One trust which has put its money where its mouth is, Manchester & London (MNL), has almost 50% of its NAV across NVIDIA and MSFT alone, while ensuring the rest of its portfolio has AI core and central to its business purpose. The trust defines the progress of AI so far as “embryonic compared to its immense, era defining potential”, while predicting that ‘’in a couple of years, many investors will rue their underweight position in NVIDIA today’’. While the managers acknowledge that this allocation naturally brings with it significant concentration risk, they counter that the winners from the AI era may, in time, be counted “on the fingers of two hands”, so diversification would be the antithesis of their bullishness. The Polar Capital Technology Trust (PCT) has favoured a watered-down version of this approach, holding a still chunky 18% of its NAV directly invested in the two companies, in addition to large positions in Alphabet, Amazon, Advanced Micro Devices, and TSMC (which all boast varying degrees of exposure to the AI trade).

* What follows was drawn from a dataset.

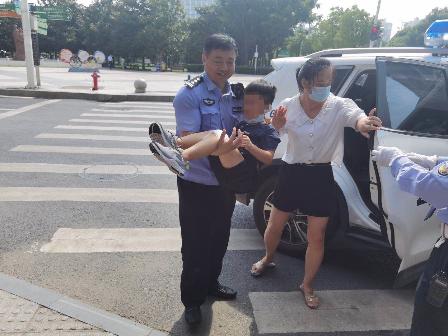 儿童游玩不慎摔伤 暖心交警护送就医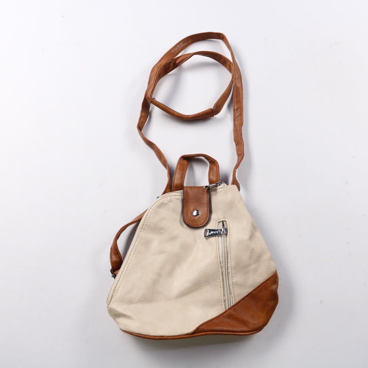 Небольшой рюкзак без указанного бренда, выполнен в бежевом цвете с коричневыми вставками и внешним карманом на молнии. Подойдёт для повседневных прогулок и города, когда нужно взять только самое необходимое. Регулируемые лямки позволяют носить удобно, внутри есть отделение с карманом на молнии.

Other funds, such as Herald Investment Trust (HRI) would argue not against the overarching premise of AI, which it believes too to be a generational paradigm shift, but that picking the winners may not be so straightforward. The trusts instead favour the ‘picks and shovels’ end of the market, with significant investments in semi-conductor development and manufacturing, and the infrastructure that allows the technology to flourish. Private equity infrastructure trust Pantheon Infrastructure (PINT) is another targeting this end of the spectrum with substantial investments in digital infrastructure, such as data centres and transmission networks. PINT notes that the already impressive growth in demand for data centres will be driven higher by AI. There is also additional revenue to be extracted as data centres are retrofitted to cope with the additional cooling requirements that AI chips need.

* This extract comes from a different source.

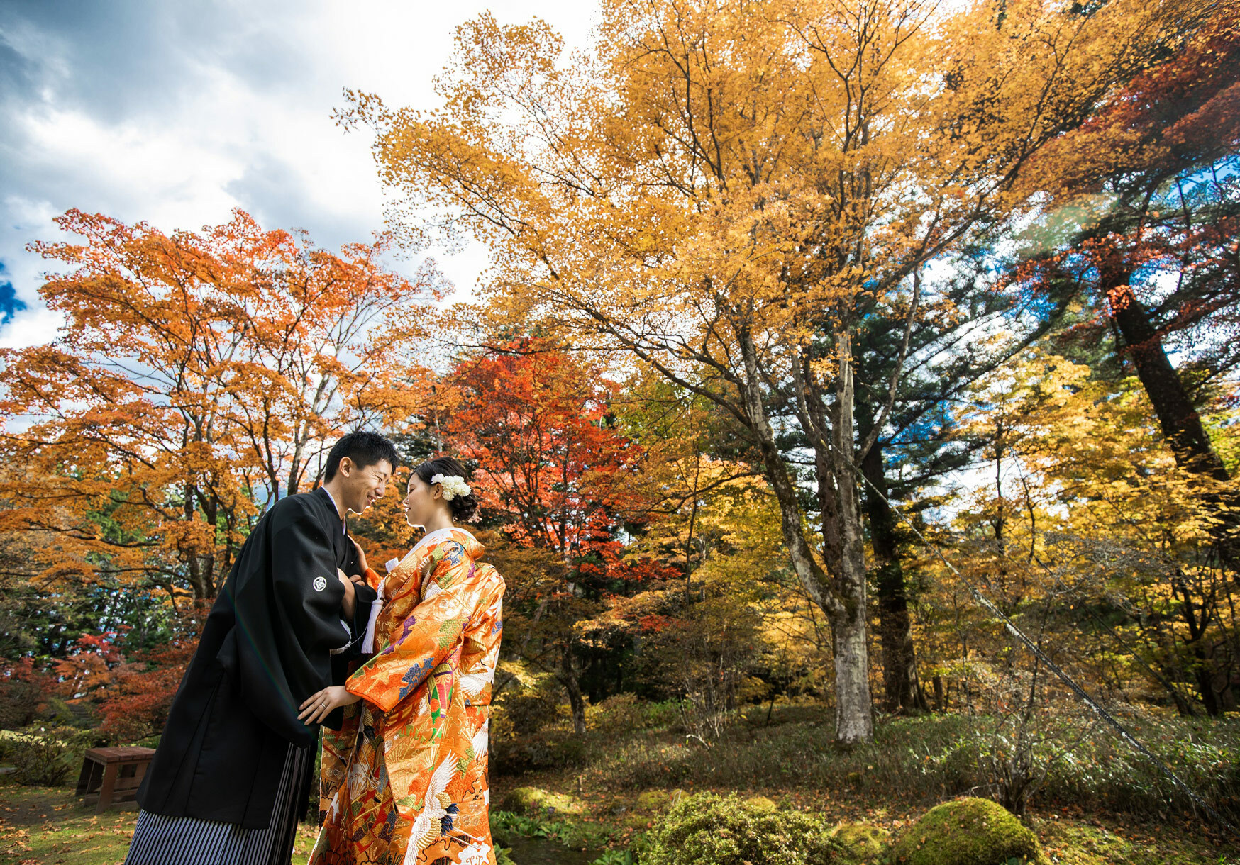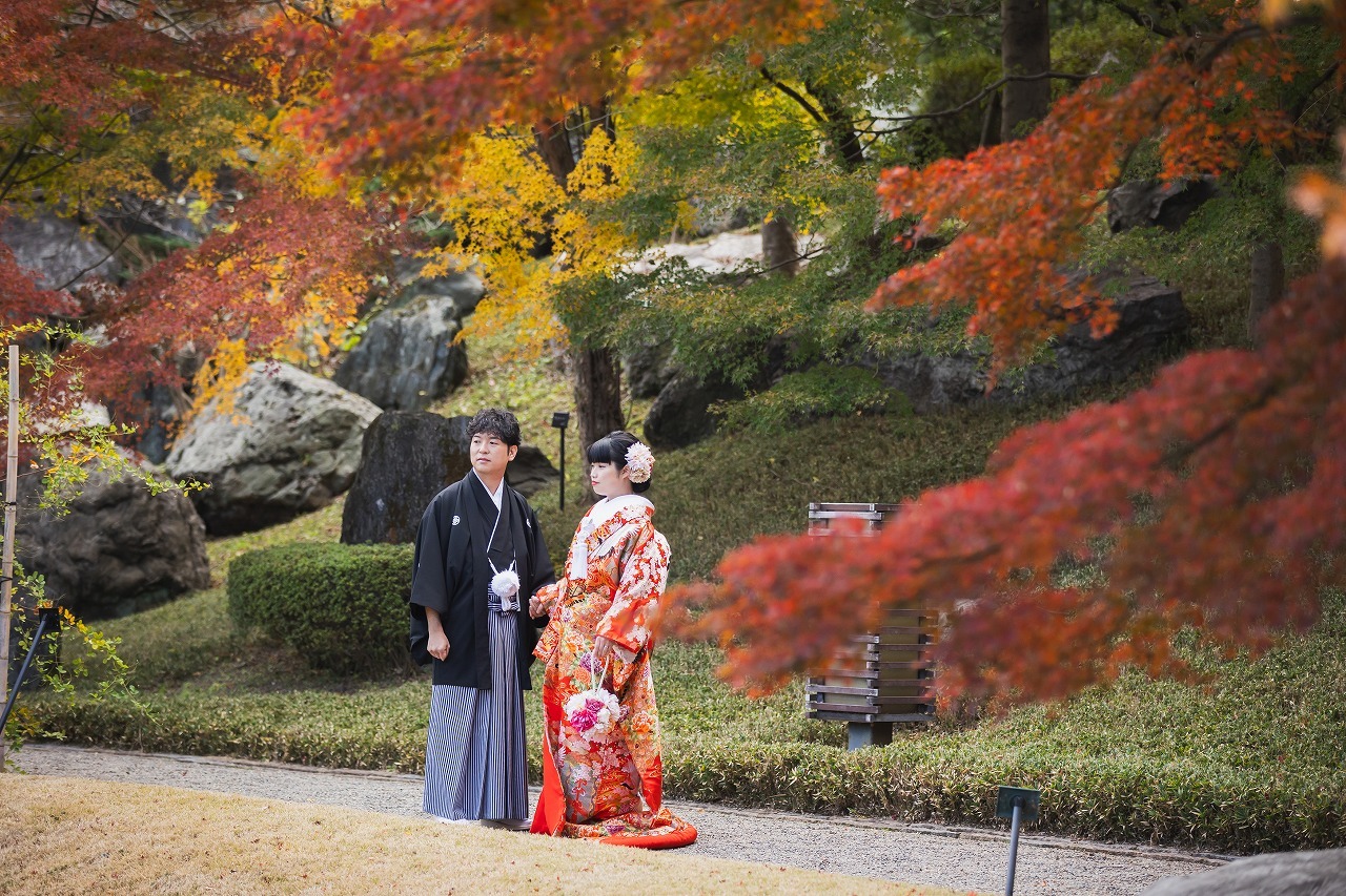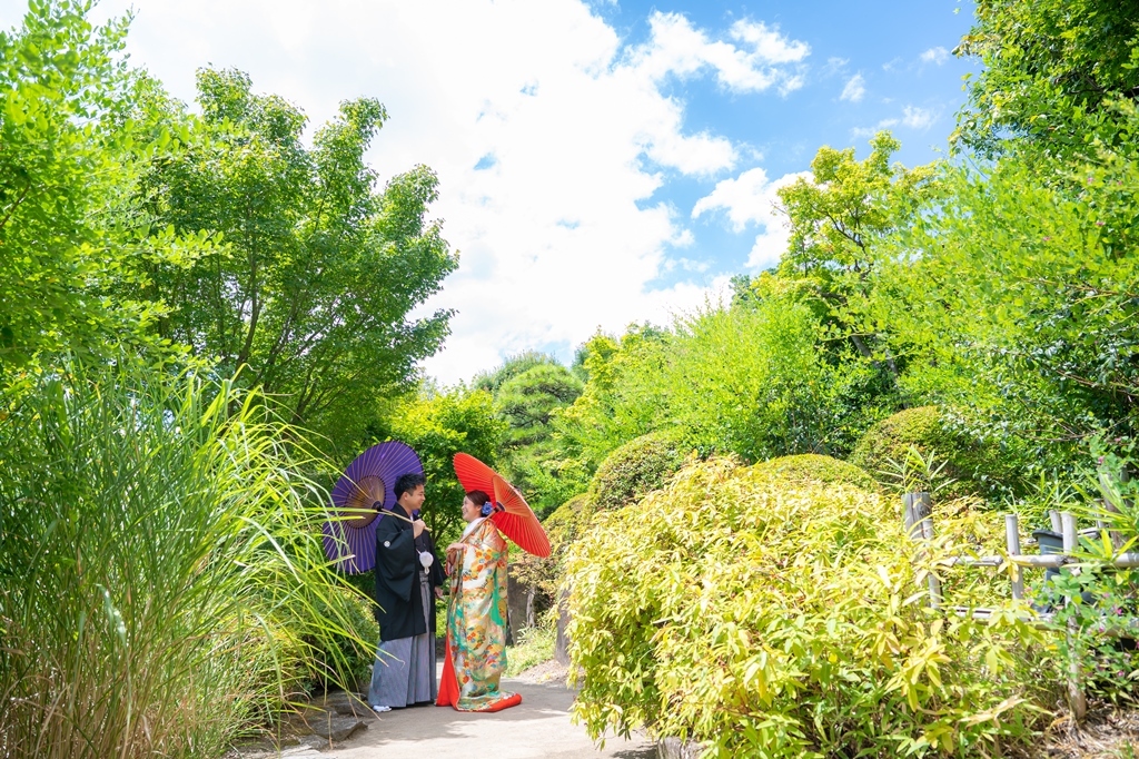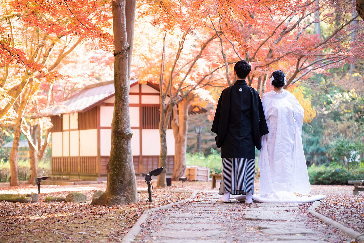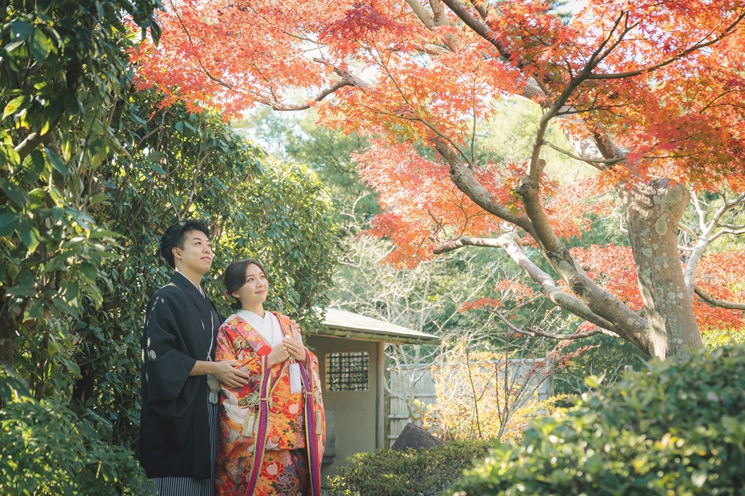 新緑から紅葉まで和室も完備。オールシーズンで撮影が可能、園内の移動も少なくストレスレスな撮影ができます。1着プランがお勧め!

There are certainly arguments to be made for both cases. The cautionary tale of Cisco, which for years was at the forefront of the internet revolution before collapsing under its own weight, stands as a reminder of counting your chickens. Today, shares of the company still trade below their peak reached back at the turn of the century. On the other hand, as we discussed above, it is entirely possible that companies like NVIDIA are actually still cheap, particularly if you believe, as MNL does, that we’re still very much in the earlier innings of this revolution.

Considering my trading record on NVIDIA, I’m hardly in a position to say, one way or another, however as someone who likes to have their cake and eat it too, I’ll suggest that diving headfirst into market euphoria is often a recipe for disaster, regardless of the technological potential. There’s every chance however that, as MNL so colourfully put it, I’m just a braying, misinformed Luddite.